The fact that an independent filmmaker’s (not to say Hollywood’s) best friend is publicity, and nothing raises eyebrows like a satyr who says he’s a family man of God at heart, could lead a cynic to presume these gentlemen are simply saying their values are dipped in red wine, when what’s flowing in their veins is as blue as a Michael Moore sky. After all, there is no way anyone can prove whom they voted for or what causes and campaigns they gave money to. Still, it is best to assume these directors are for real in their devotion to marriage, family, heterosexuality, fetuses and stem cells. And it is entirely conceivable by that Vincent Gallo, Mel Gibson, Paul Morrissey and Jon Springer would be found among the cheering, beer-swigging throngs at NASCAR. At least, Gallo should be found at that red neck cavalcade, as “The Brown Bunny” concerns a pro motorcycle racer who rides his prized cycle - named “Brown Bunny” - across country following the death of his girlfriend.

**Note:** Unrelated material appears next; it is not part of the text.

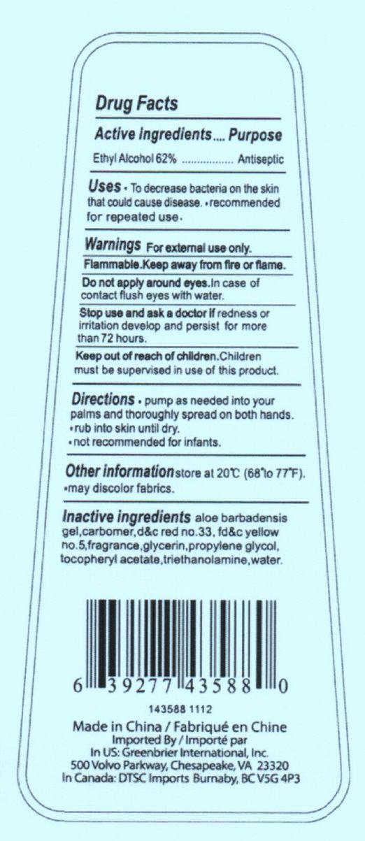 This is a drug facts label for a hand sanitizer containing 62% Ethyl Alcohol, which is an antiseptic. It is used to decrease bacteria on the skin, but not recommended for infants. It is cautioned to stop using and ask a doctor in case of irritation or redness for more than 72 hours. The inactive ingredients include aloe vera, glycerin, and fragrance. It is made in China and imported by Greenbrier International, Inc. in the US and DTSC Imports in Canada. The product should be stored at room temperature, and it may discolor fabrics. Children should be supervised during use.*

But will he and his fellow “blood-red staters” ever truly be accepted by the born-again conservatives they court? The answer can probably be found in Vincent Gallo’s reply to the New York Times Magazine last year when asked in an interview if he would be attending the Republican National Convention, held in his home turf of New York City, no less. His reply: “I don’t know. They haven’t invited me.”